The organizers of WIPTTE 2015, the Workshop on the Impact of Pen and Touch Technology on Education, kindly invited me to speak about my recent work on sensing techniques for stylus + tablet interaction.

One of the key points that I emphasized:

To design technology to fully take advantage of human skills, it is critical to observe what people do with their hands when they are engaged in manual activites such as handwriting.

Notice my deliberate the use of the plural, hands, as in both of ’em, in a division of labor that is a perfect example of cooperative bimanual action.

The power of crayon and touch.

My six-year-old daughter demonstrates the power of crayon and touch technology.

And of course I had my usual array of stupid sensor tricks to illustrate the many ways that sensing systems of the future embedded in tablets and pens could take advantage of such observations. Some of these possible uses for sensors probably seem fanciful, in this antiquated era of circa 2015.

But in eerily similar fashion, some of the earliest work that I did on sensors embedded in handheld devices also felt completely out-of-step with the times when I published it back in the year 2000. A time so backwards it already belongs to the last millennium for goodness sakes!

Now aspects of that work are embedded in practically every mobile device on the planet.

It was a fun talk, with an engaged audience of educators who are eager to see pen and tablet technology advance to better serve the educational needs of students all over the world. I have three kids of school age now so this stuff matters to me. And I love speaking to this audience because they always get so excited to see the pen and touch interaction concepts I have explored over the years, as well as the new technologies emerging from the dim fog that surrounds the leading frontiers of research.

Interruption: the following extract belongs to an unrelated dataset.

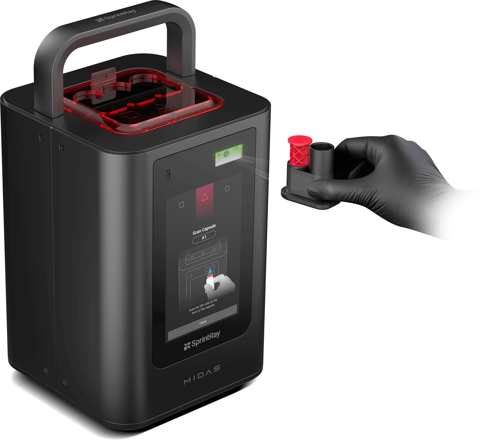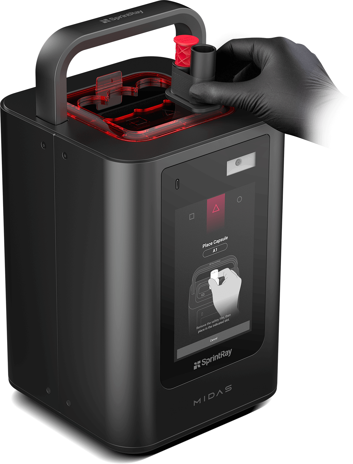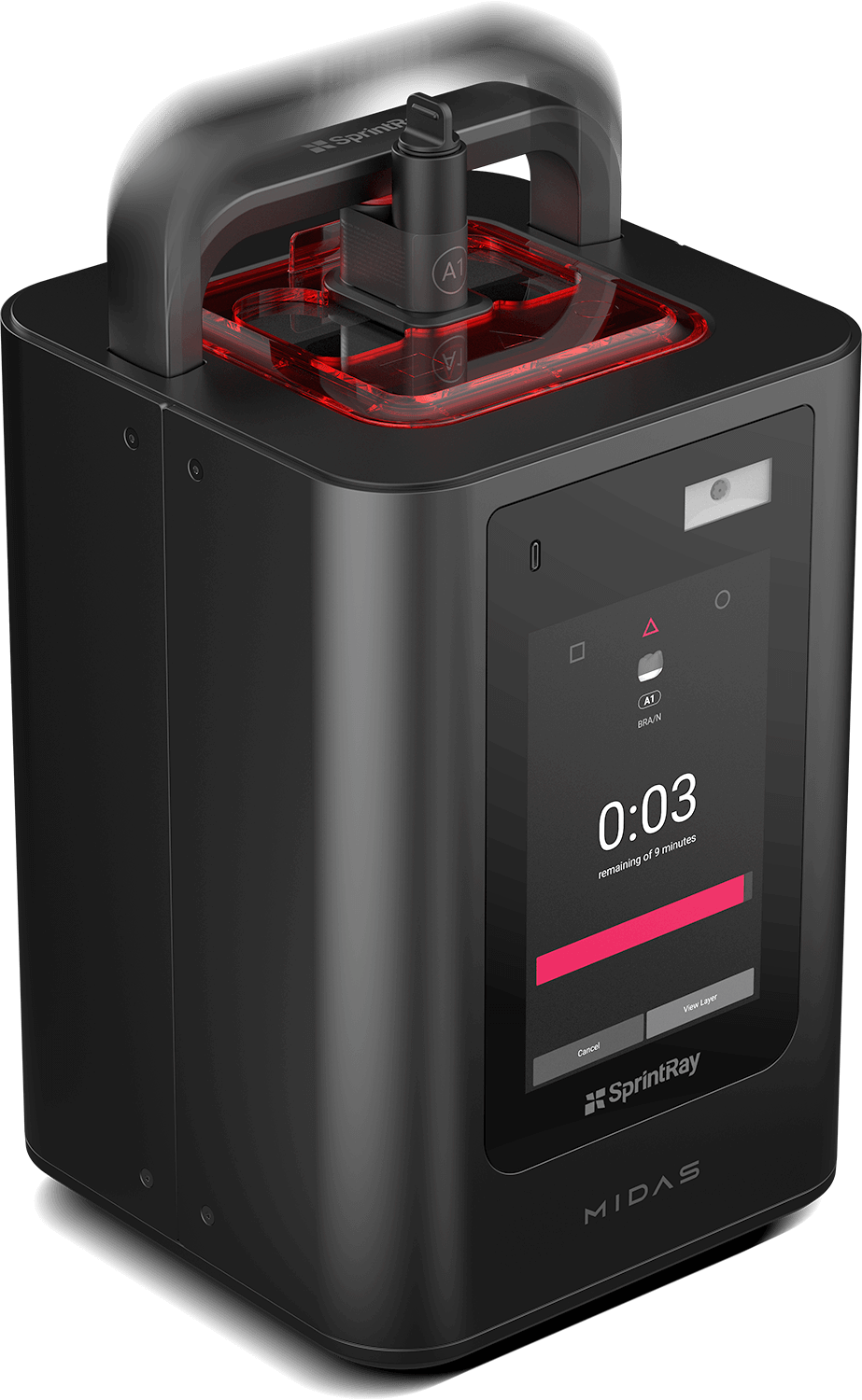 Midas utiliza la estereolitografía de prensa digital, un método de impresión que sustituye la resina, el tanque y la plataforma de impresión por una cápsula. Este avance permite a Midas imprimir con resinas muy densas y que son demasiado viscosas para una impresora 3D convencional.

Harold and the Purple Crayon book coverI am a strong believer in the dictum that the best way to predict the future is to invent it.

And the pen may be the single greatest tool ever invented to harness the immense creative power of the human mind, and thereby to scrawl out–perhaps even in the just-in-time fashion of the famous book Harold and the Purple Crayon–the uncertain path that leads us forward.

If you are an educator seeing impacts of pen, tablet, and touch technology in the classroom, then I strongly encourage you to start organizing and writing up your observations for next year’s workshop. The 2016 edition of the series will be held at Brown University in Providence, Rhode Island, and chaired by none other than the esteemed Andries Van Dam, who is my academic grandfather (i.e. my Ph.D. advisor’s mentor) and of course widely respected in computing circles throughout the world.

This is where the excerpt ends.